● **RECORDED DATA**
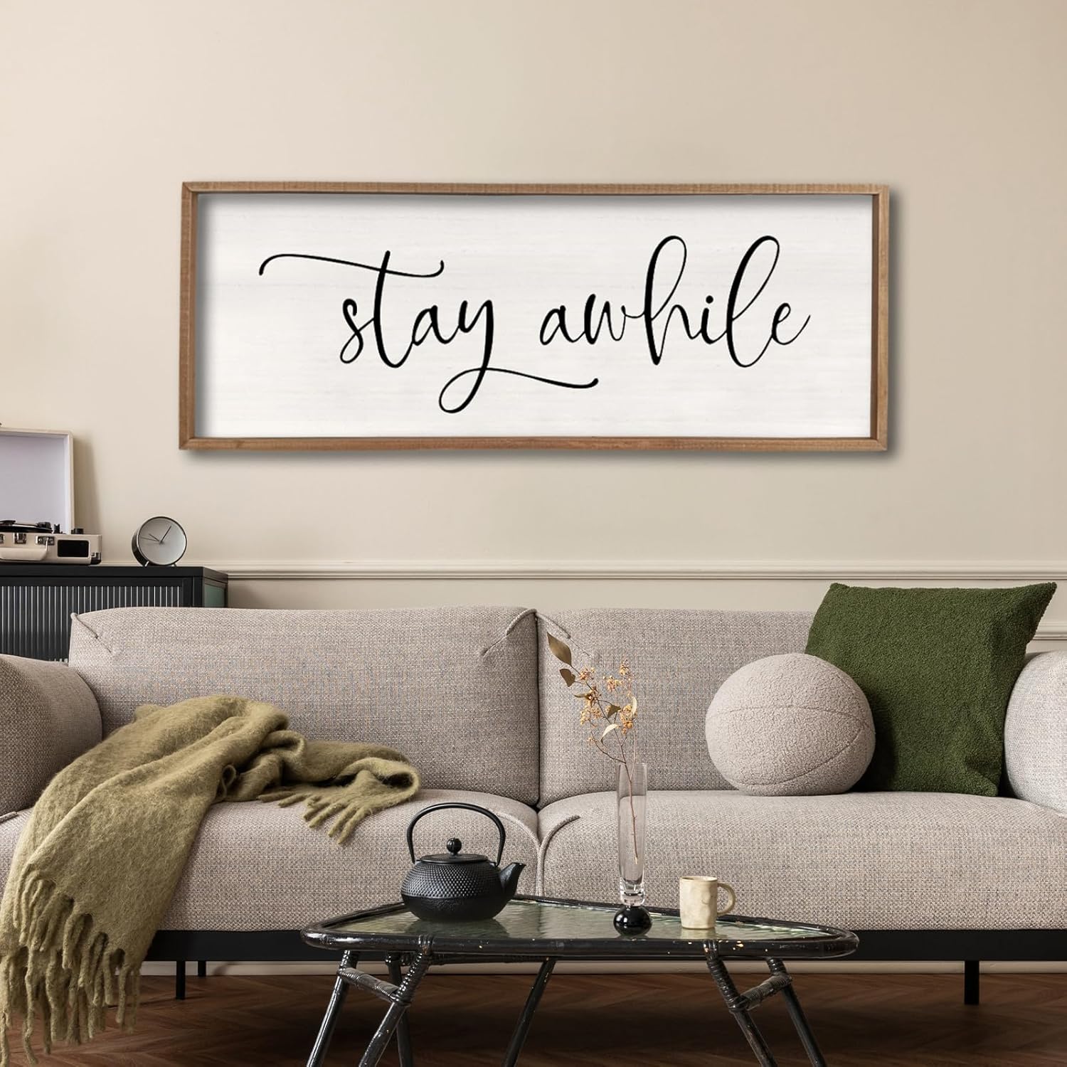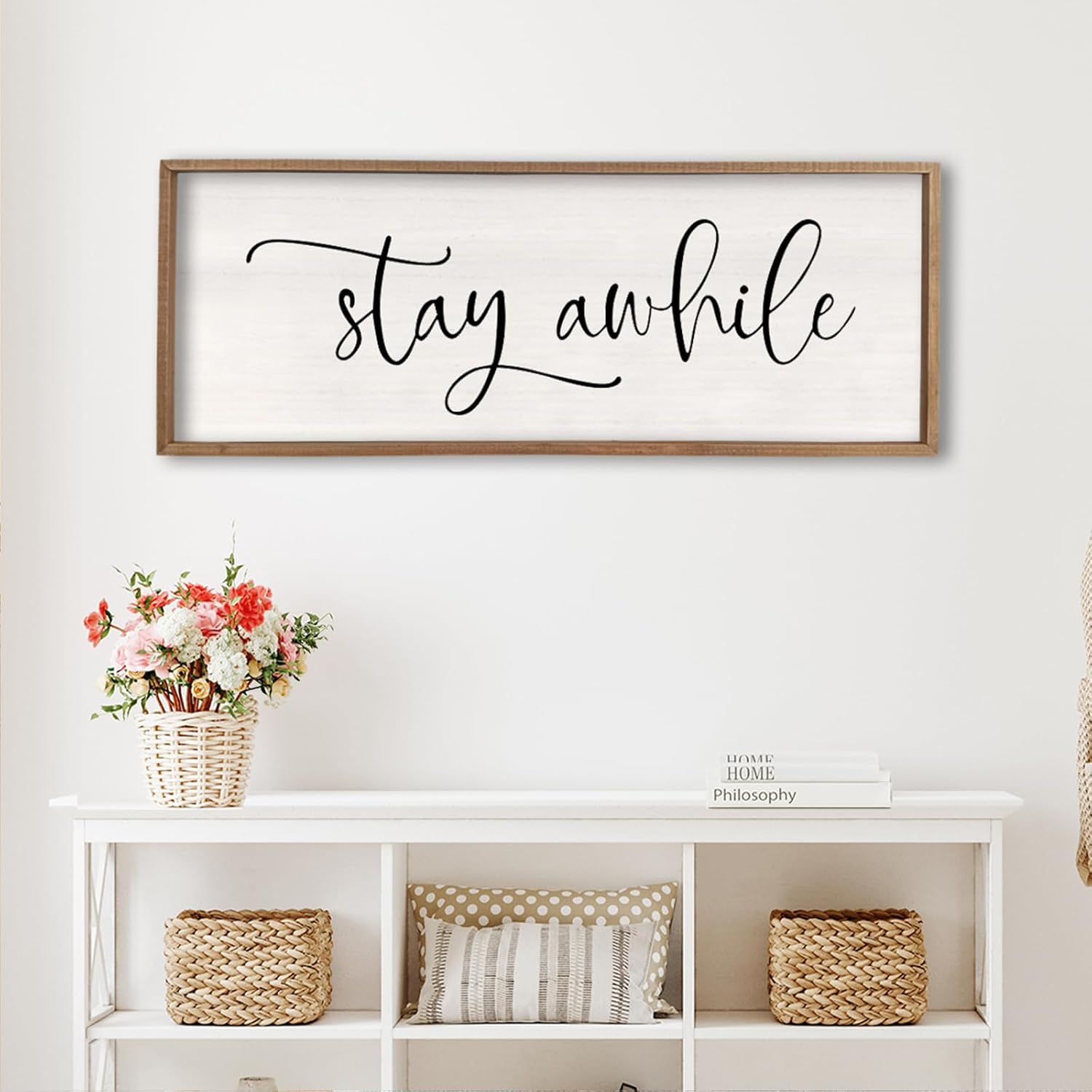 Stay Awhile Sign Wall Decor Sign 40"X15" Large Living Room Entryway Wood Framed Rustic Wall Decor for Vintage Farmhouse Foyer Hanging Lets Stay Home Wall Art (Wood)
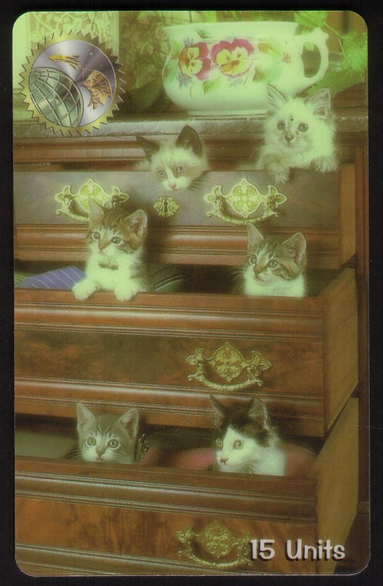 This card belongs to a series featuring animals, domesticated pets, and specifically kittens or pussycats. The overall presentation emphasizes the charm and innocence of young domesticated cats, making it a collectible item for enthusiasts of animals and pet-themed phone cards.
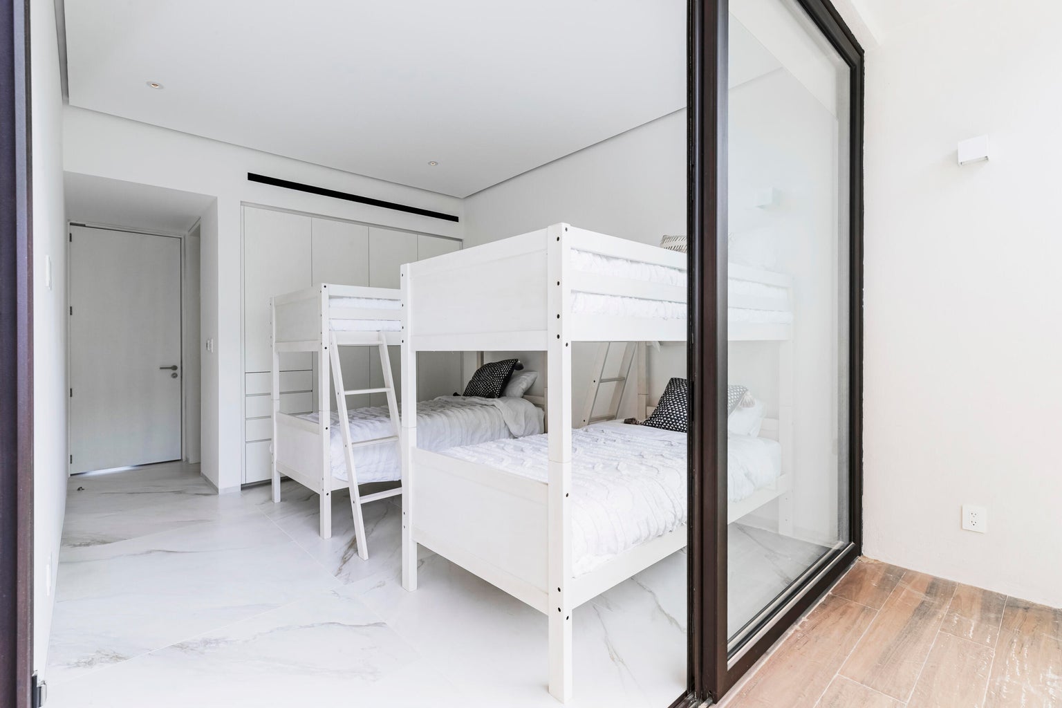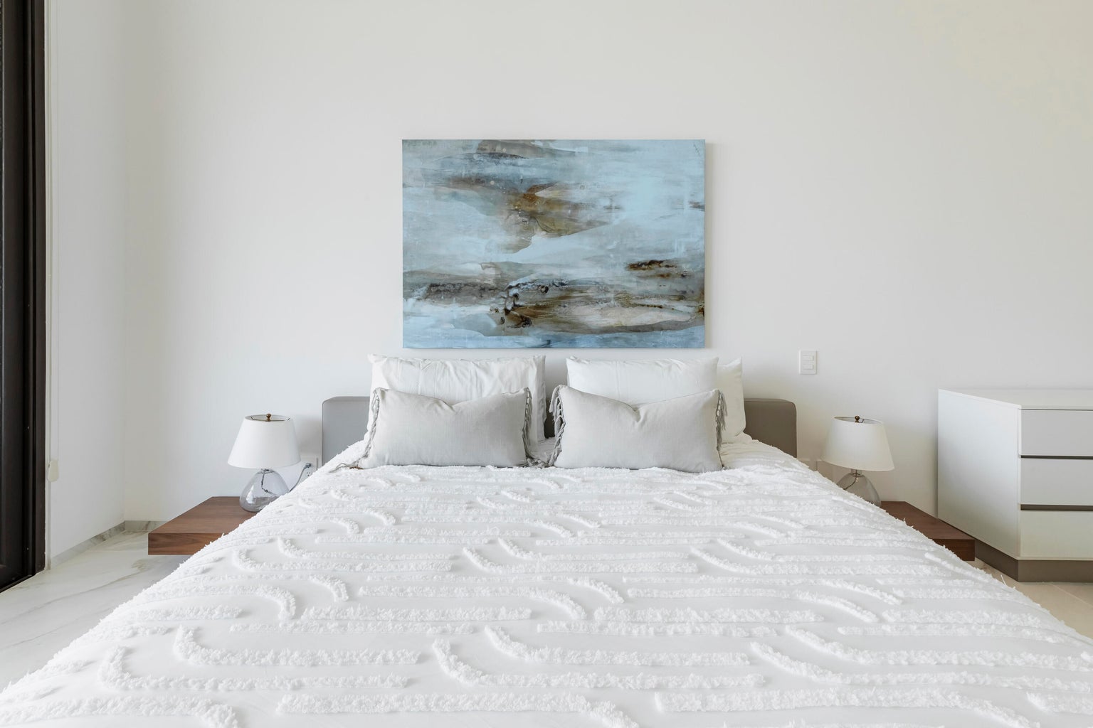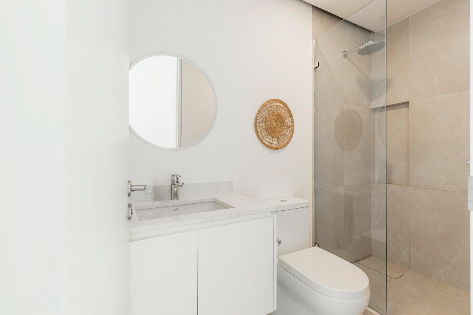 This sophisticated retreat boasts three spacious bedrooms, including a lavish master suite with a walk-in closet and a spa-inspired en-suite bathroom. A convenient half-bathroom enhances guest comfort. Outside, a private terrace provides the perfect space to relax or entertain in serenity.

● **BRIEF**
Pictures stay out. Write out everything else in the material exactly.

● **PROBLEM SOLUTION**
 Stay Awhile Sign Wall Decor Sign 40"X15" Large Living Room Entryway Wood Framed Rustic Wall Decor for Vintage Farmhouse Foyer Hanging Lets Stay Home Wall Art (Wood)
 This card belongs to a series featuring animals, domesticated pets, and specifically kittens or pussycats. The overall presentation emphasizes the charm and innocence of young domesticated cats, making it a collectible item for enthusiasts of animals and pet-themed phone cards.
 This sophisticated retreat boasts three spacious bedrooms, including a lavish master suite with a walk-in closet and a spa-inspired en-suite bathroom. A convenient half-bathroom enhances guest comfort. Outside, a private terrace provides the perfect space to relax or entertain in serenity.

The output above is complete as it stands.